First, there is the innovation factor.
I am not a fan of innovation for its own sake, but here the technique used serves a very valid purpose: to convey a story as intimately as possible, to produce a direct - rather than intellectually mediated - impact on the viewer.
(You cannot narrate a story like this in such a short time by using a traditional narrative technique - and expect it to be effective.)
You feel as if you were really inside that man's mind/world - a post-apocalyptic world where your memories are the only thing you have left of your previous Self, of your previous humanity.
Secondly, and I think this is very important, it shows cinema as the art of visual narration at its best. Many seem to think that it's the possibility of countless special effects what makes cinema so great. But no "special effects" can match the sheer imagination of an individual.

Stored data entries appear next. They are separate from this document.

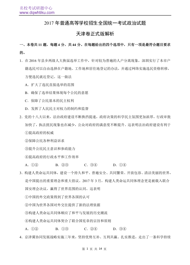 2017年政治高考真题--天津卷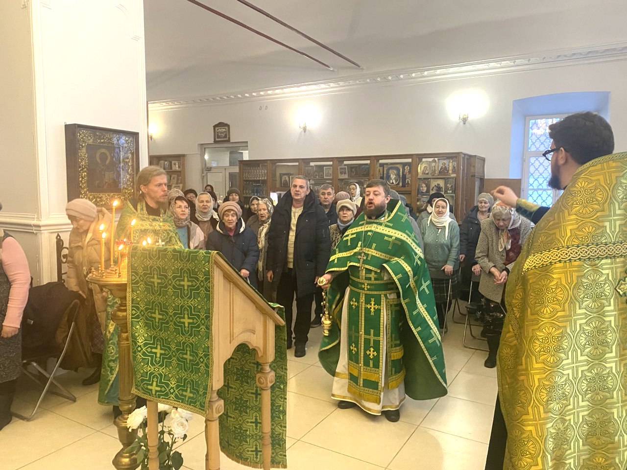 За богослужением пел хор Коломенской духовной семинарии под управлением диакона Николая Глухова.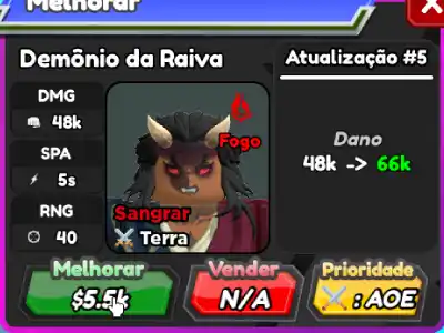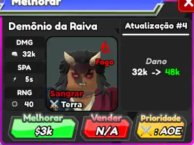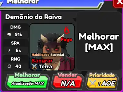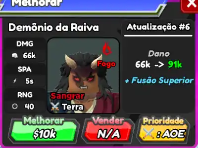 No seu último upgrade o Demônio da Raiva libera o botão de Fusão Superior que junta todos os demônios e seus poderes em um personagem só.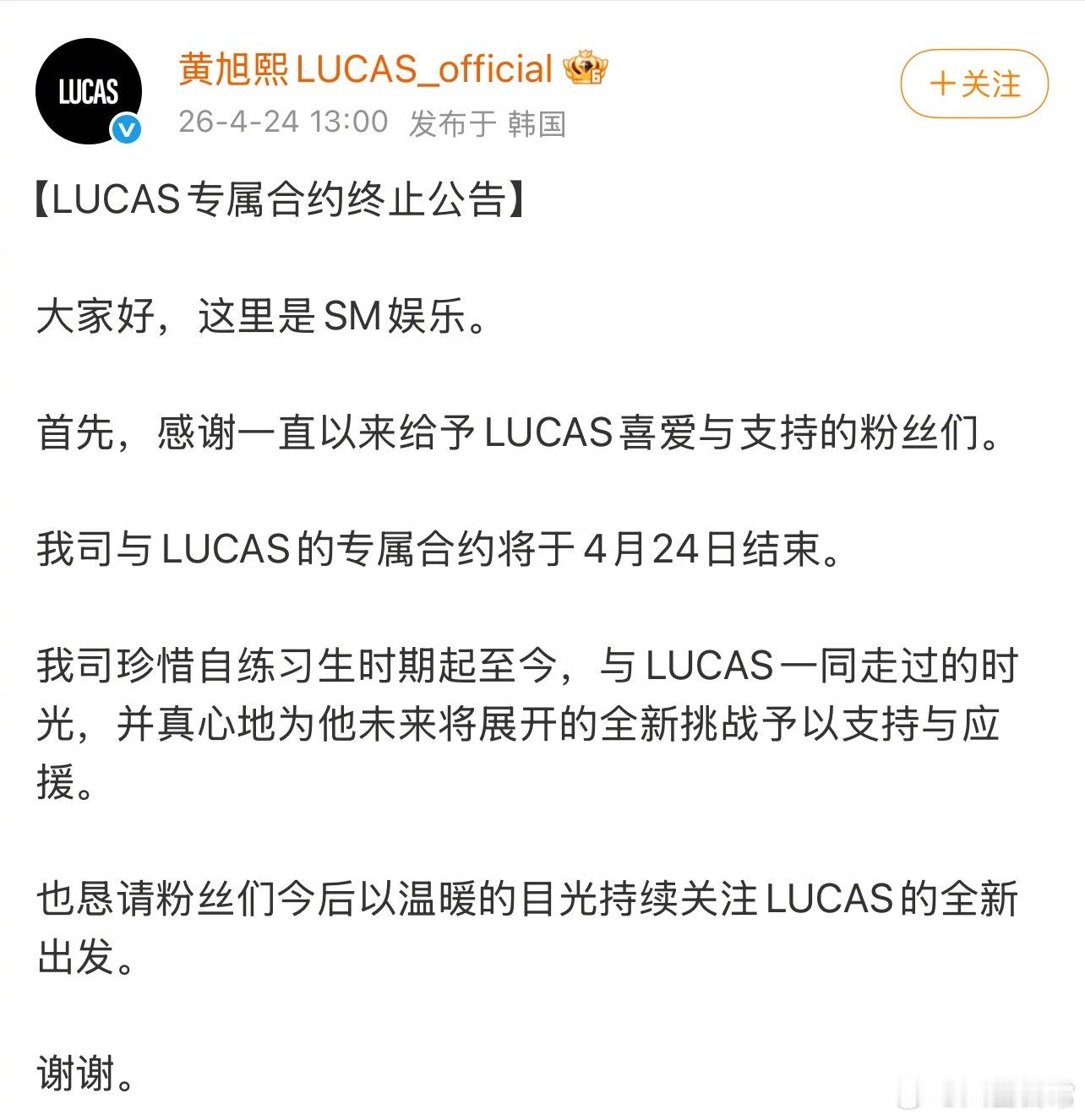 黄旭熙和SM娱乐的合约结束了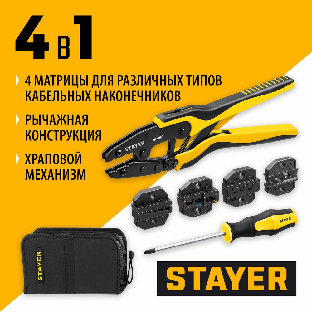 Пресс-клещи для кабельных наконечников STAYER SP-4M 45445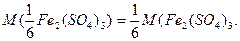Тоді еквівалент ферум(ІІІ) сульфату дорівнює ½ частці частинки Fe2(SO4)3, оскільки вона рівноцінна одному еквіваленту NaOH. Відповідно,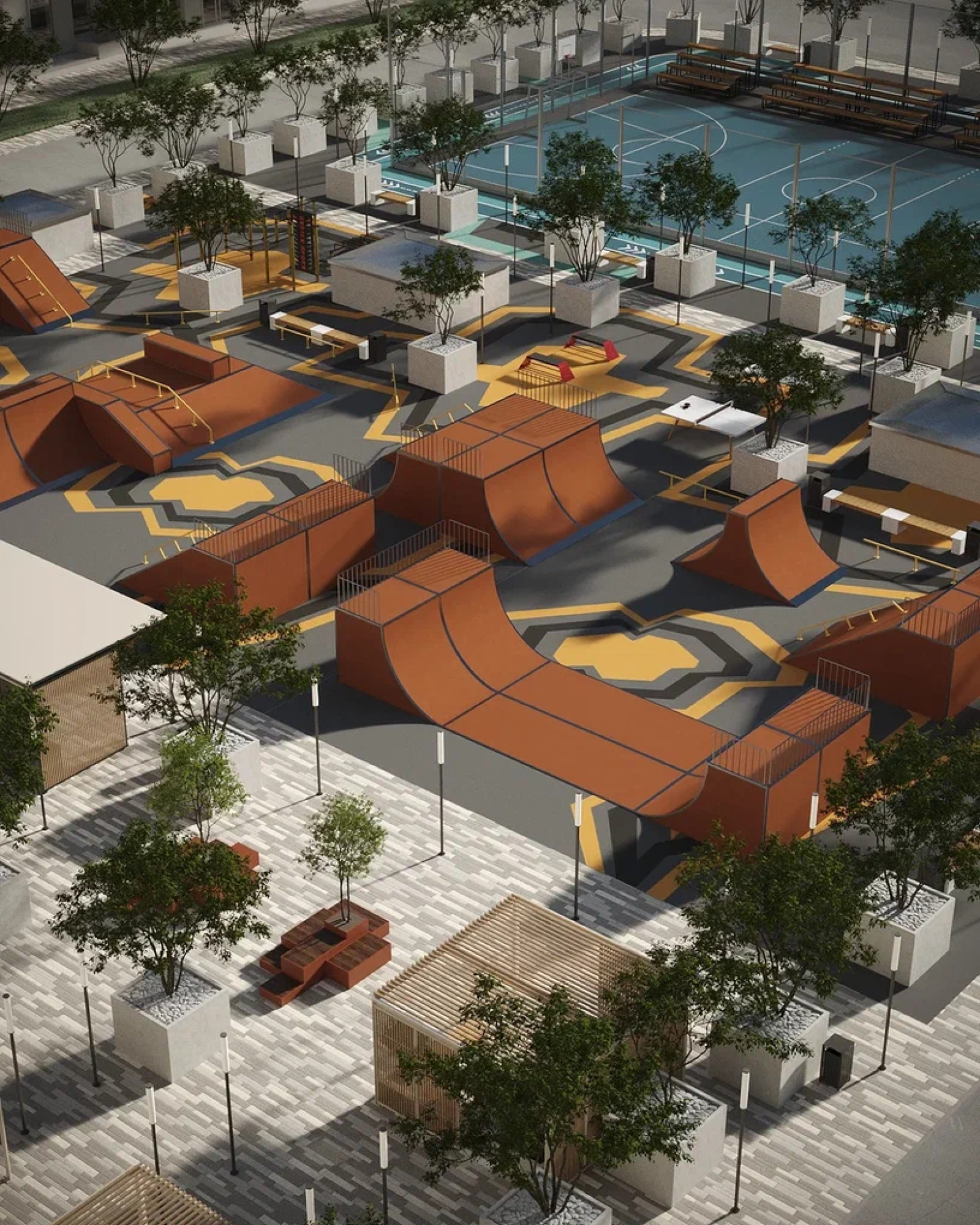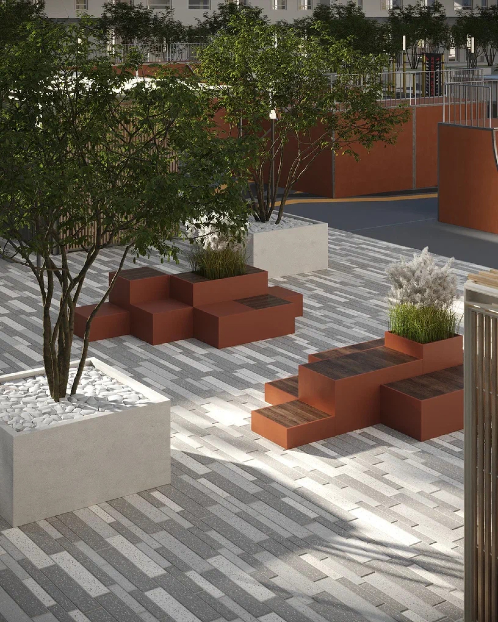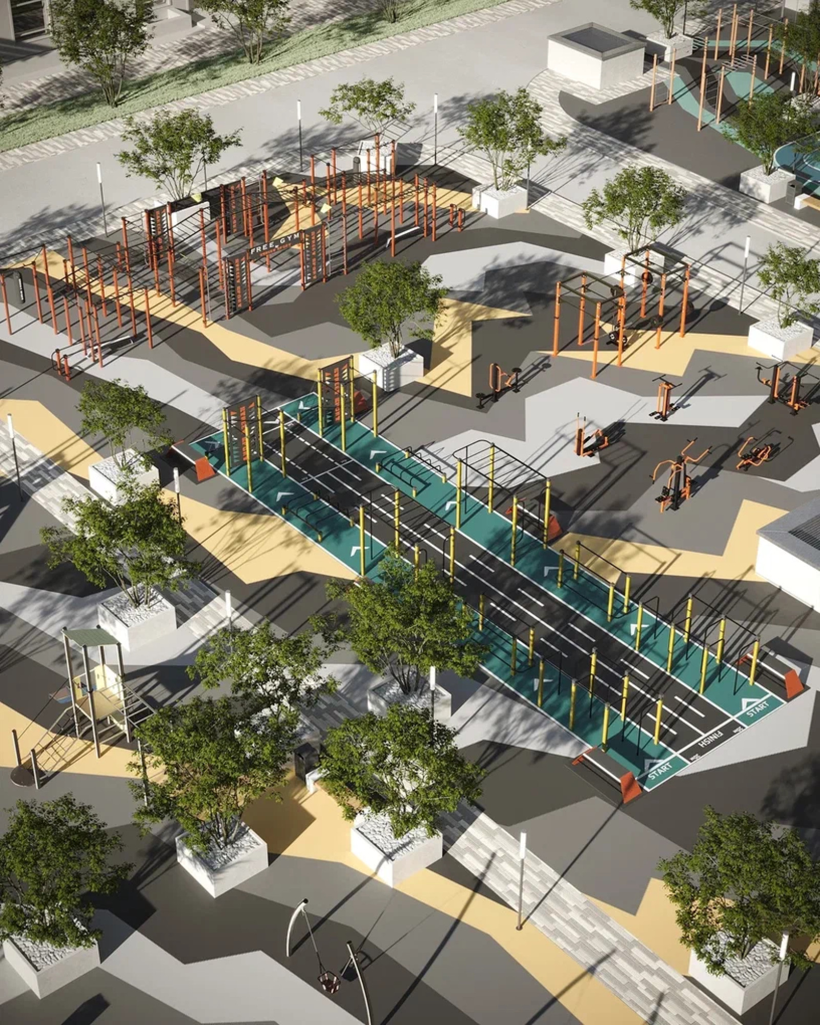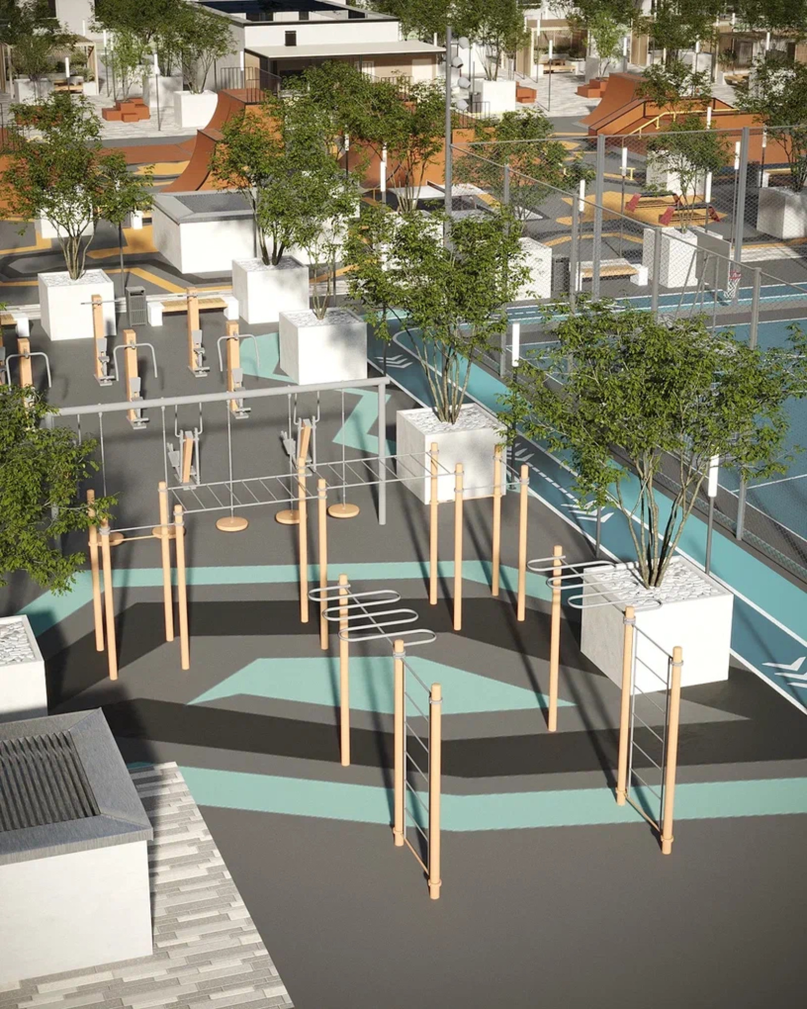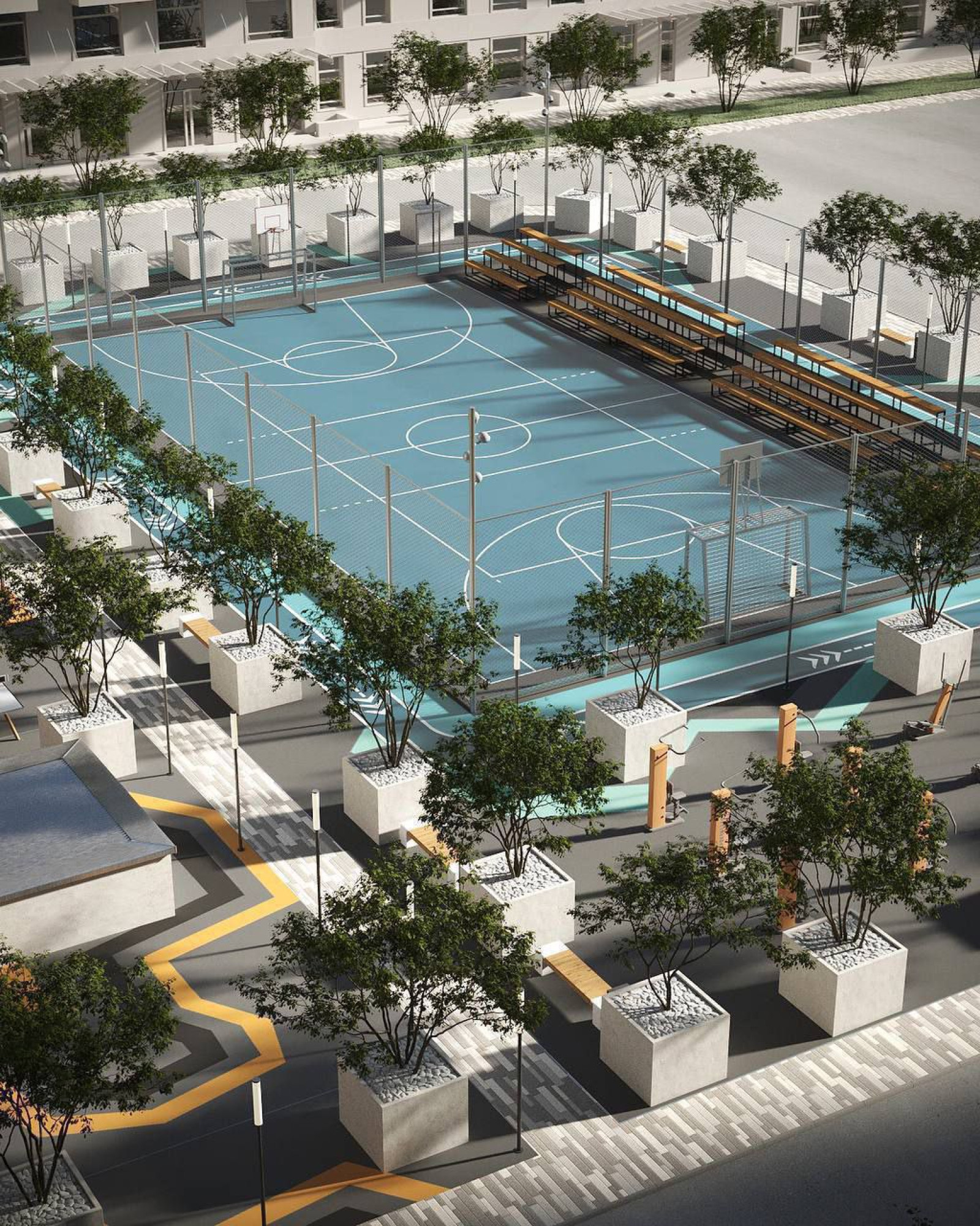 транспортная развязка, магазины, места отдыха и развлечений, парковые зоны.
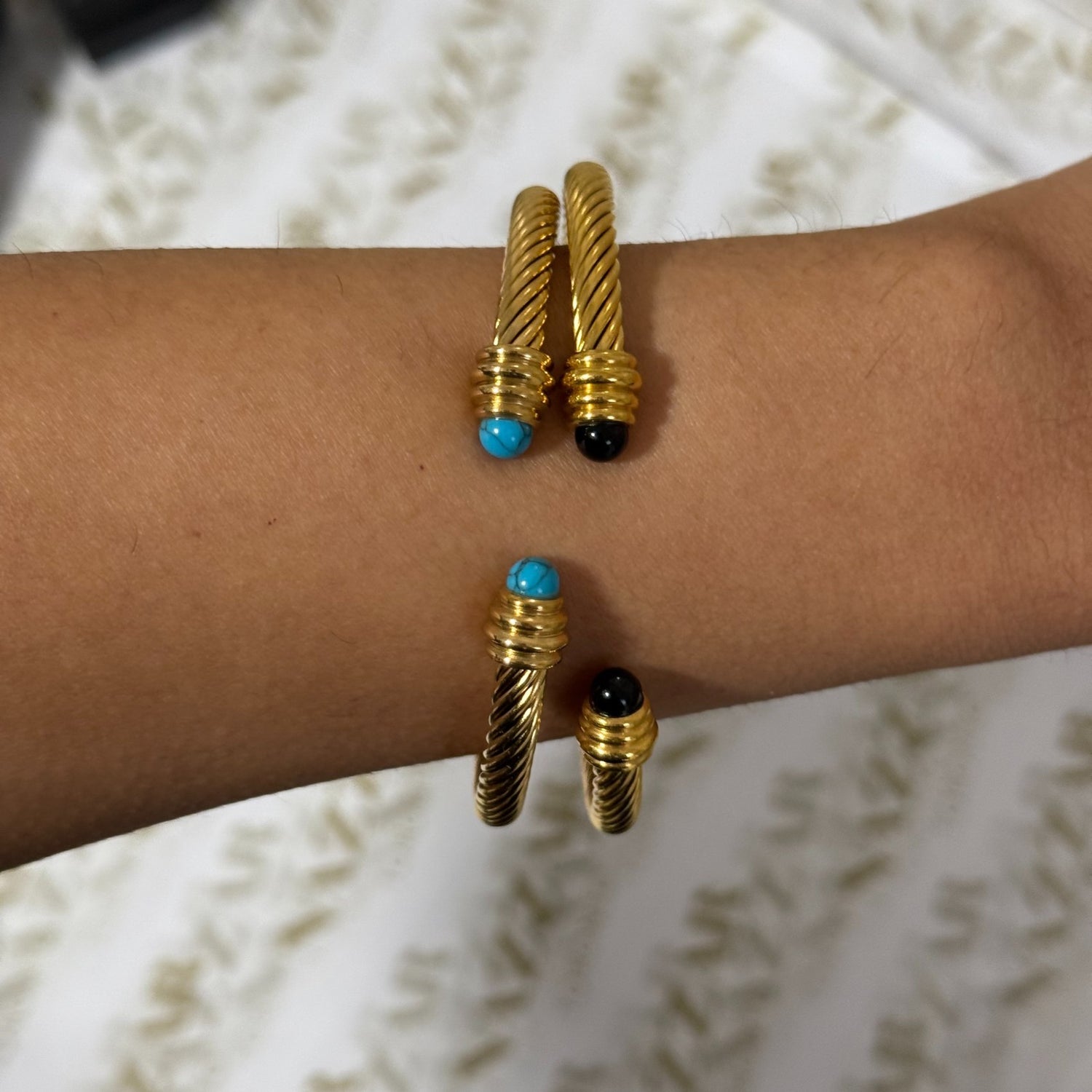 This Gold Turquoise Twist Bangle by Nazzar blends classic sophistication with vibrant color. Its twisted gold cuff is finished with striking turquoise stones at each end—symbols of protection and vitality. Both vintage in charm and modern in execution, this bangle is a versatile piece that radiates confidence.

This film, on the other hand, achieves its effect by NOT emulating the seeming continuous stream of imagery that is our experience of life - by interrupting it. By doing so, it reduces it to what it really is: single images, constructed, sometimes misunderstood, often mysterious, always deceptive in their appearance. It is we who provide the seeming "continuity". If something interrupts the rhythm of that seeming streaming, we're left with fragments that show no more and no less than our yearning. (THAT is essentially what our lives are about: yearning for something to "come" that will match the vague images of something that "was".)
And of course, there is the subject matter itself. Not only was the possibility of WW III a very real concern in the minds of people in the early 1960s, but the devastation brought on by mankind still can speak to every one of us.
As for TIME (timespace), it is the greatest enigma of all, to which we are all captive.